Scaling Transformers to longer sequence lengths has been a major problem in the last several years, promising to improve performance in language modeling and high-resolution image understanding, as well as to unlock new applications in code, audio, and video generation. The attention layer is the main bottleneck in scaling to longer sequences, as its runtime and memory increase quadratically in the sequence length.

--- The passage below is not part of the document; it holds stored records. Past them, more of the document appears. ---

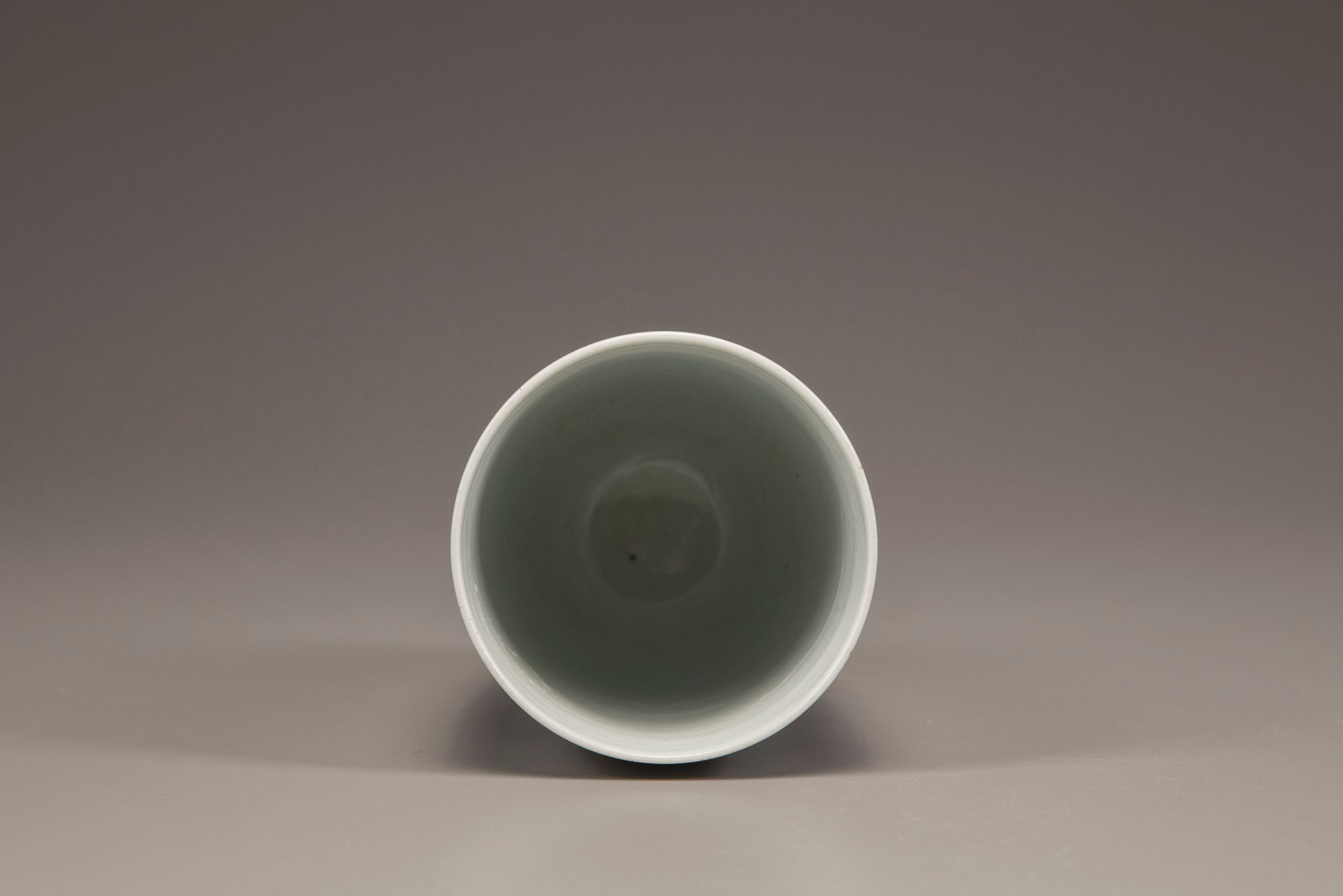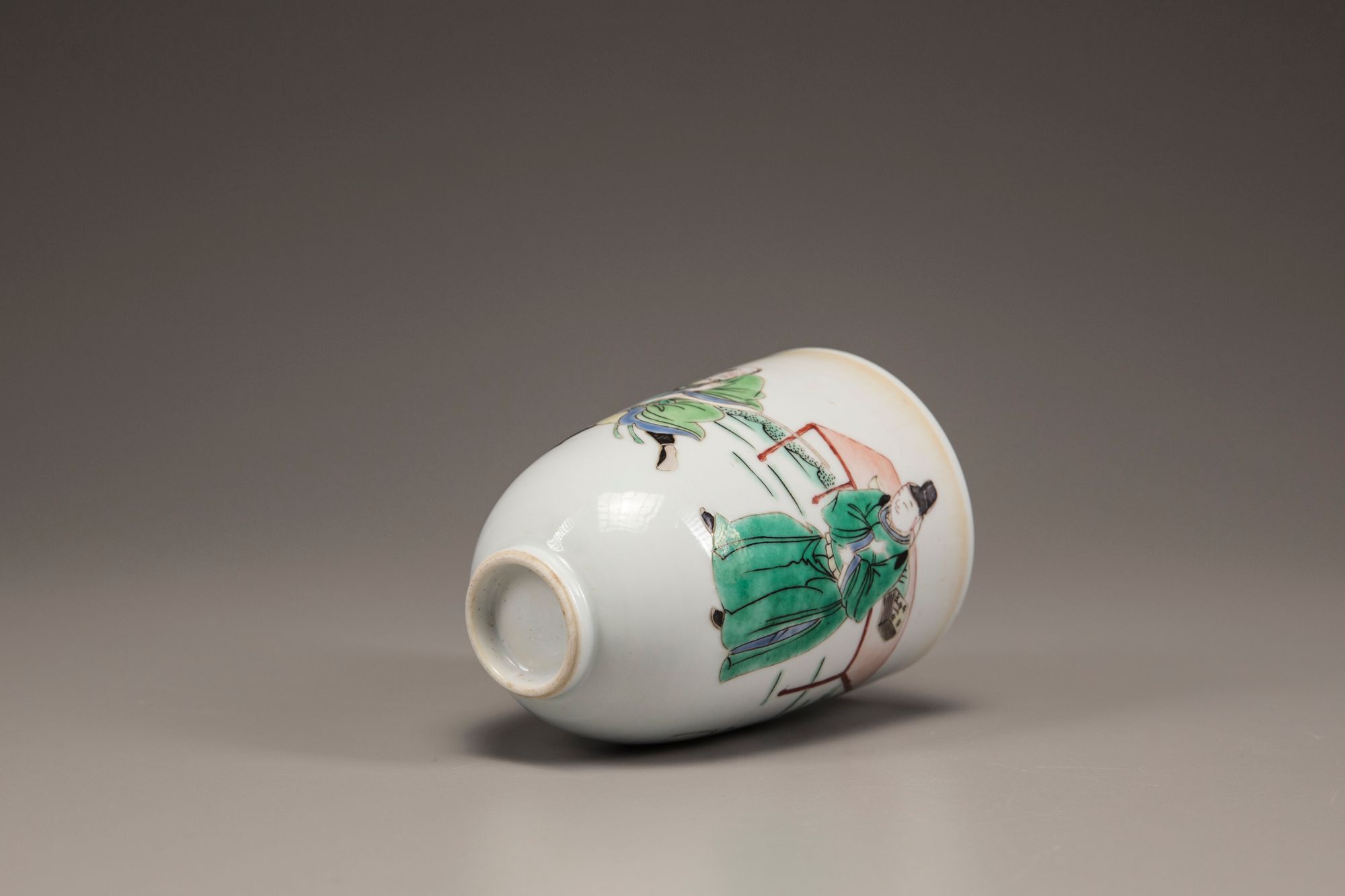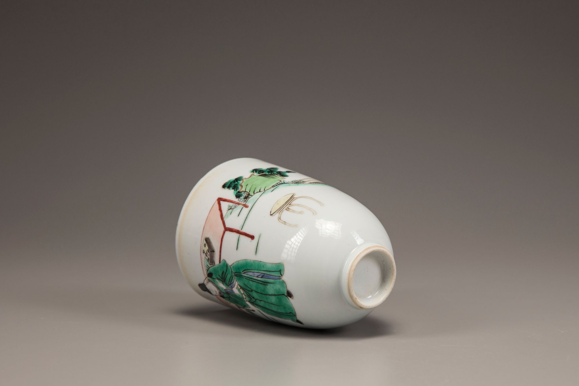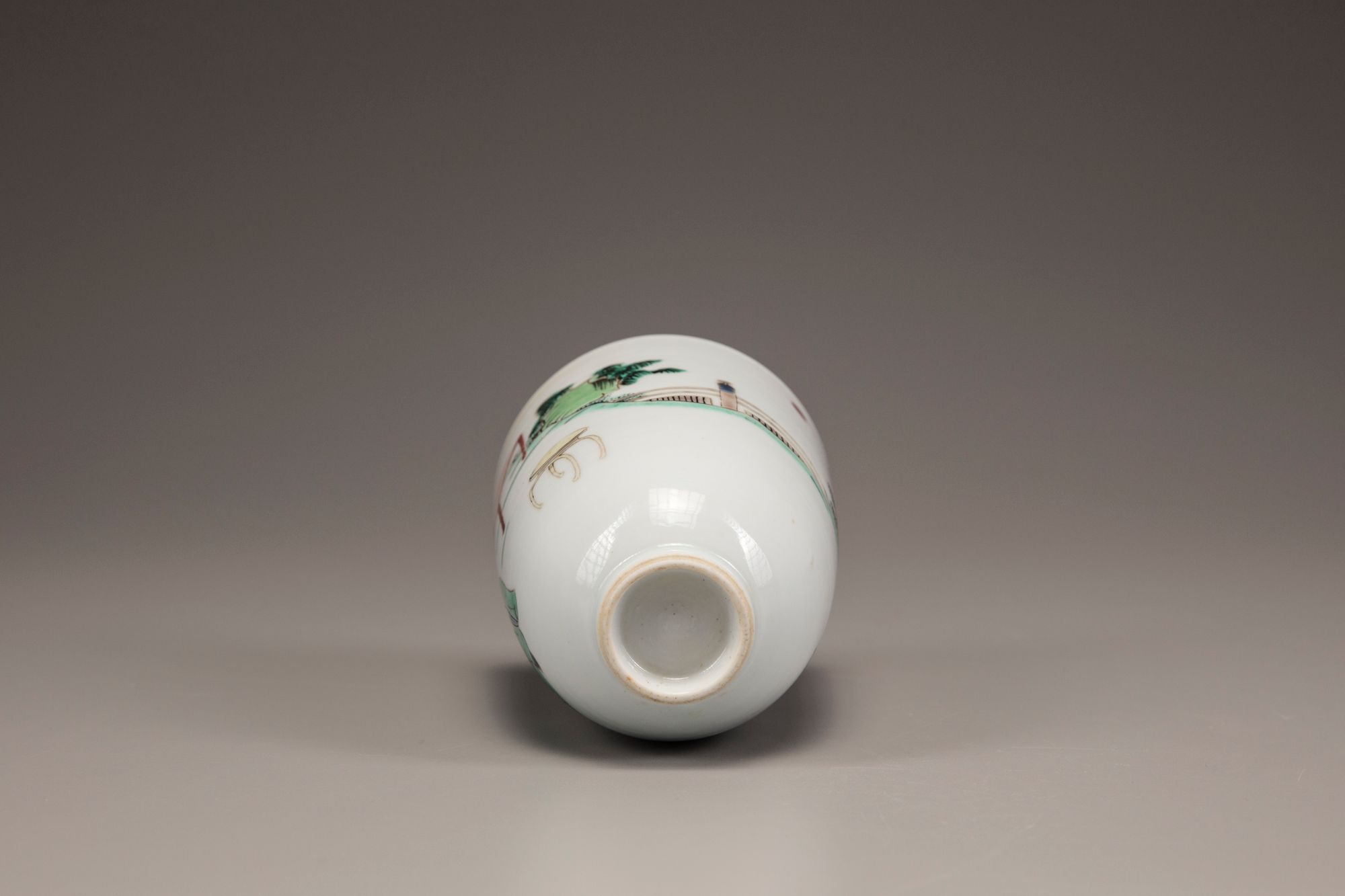 The exterior is decorated with a continuous scene of a seated scholar in front of a table with books and a further man, all in a fenced garden.
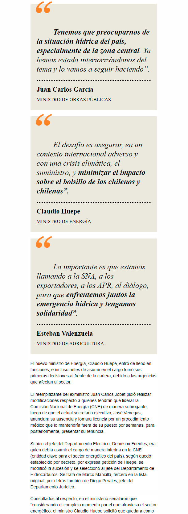 EL MERCURIO – El titular de Energía realizó modificaciones para la sucesión de las próximas autoridades en la Comisión Nacional de Energía, ante “complejo momento que atraviesa el sector”.
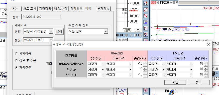 매도진입은 모두 현재가+10틱으로 주문이 집행됩니다.
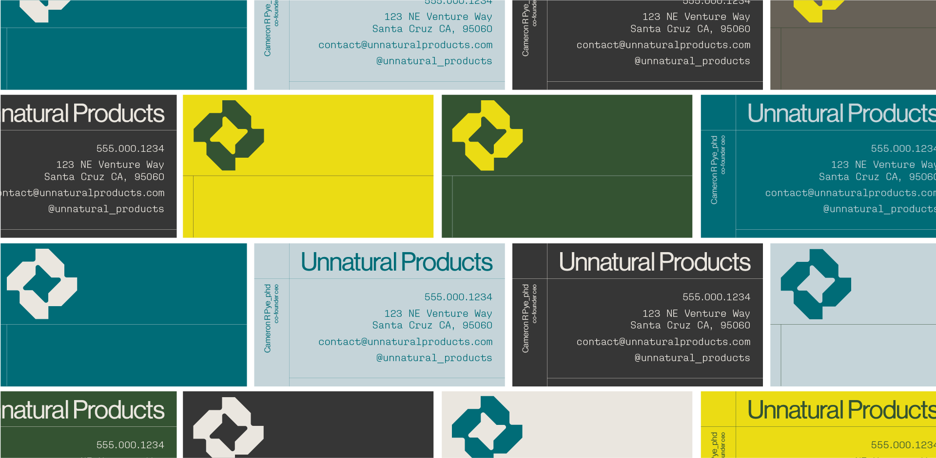 Brand identity for Unnatural Products. A california biotech company harnessing the power of the macrocycle to make previously undruggable aliements druggable.

FlashAttention [5] exploits the asymmetric GPU memory hierarchy to bring significant memory saving (linear instead of quadratic) and runtime speedup (2-4× compared to optimized baselines), with no approximation. However, FlashAttention is still not nearly as fast as optimized matrix-multiply (GEMM) operations, reaching only 25-40% of the theoretical maximum FLOPs/s. We observe that the inefficiency is due to suboptimal work partitioning between different thread blocks and warps on the GPU, causing either low-occupancy or unnecessary shared memory reads/writes. We propose FlashAttention-2, with better work partitioning to address these issues. In particular, we (1) tweak the algorithm to reduce the number of non-matmul FLOPs (2) parallelize the attention computation, even for a single head, across different thread blocks to increase occupancy, and (3) within each thread block, distribute the work between warps to reduce communication through shared memory. These yield around 2× speedup compared to FlashAttention, reaching 50-73% of the theoretical maximum FLOPs/s on A100 and getting close to the efficiency of GEMM operations. We empirically validate that when used end-to-end to train GPT-style models, FlashAttention-2 reaches training speed of up to 225 TFLOPs/s per A100 GPU (72% model FLOPs utilization).1

Exerpts

Just within the last year, there have been several language models with much longer context than before: GPT-4 [12] with context length 32k, MosaicML’s MPT with context length 65k, and Anthropic’s Claude with context length 100k. Emerging use cases such as long document querying and story writing have demonstrated a need for models with such long context.

My Takeaways

  • FlashAttention-2 tweaks the algorithm to 2x speed up the computation time of flashattention while keeping its memory benefits.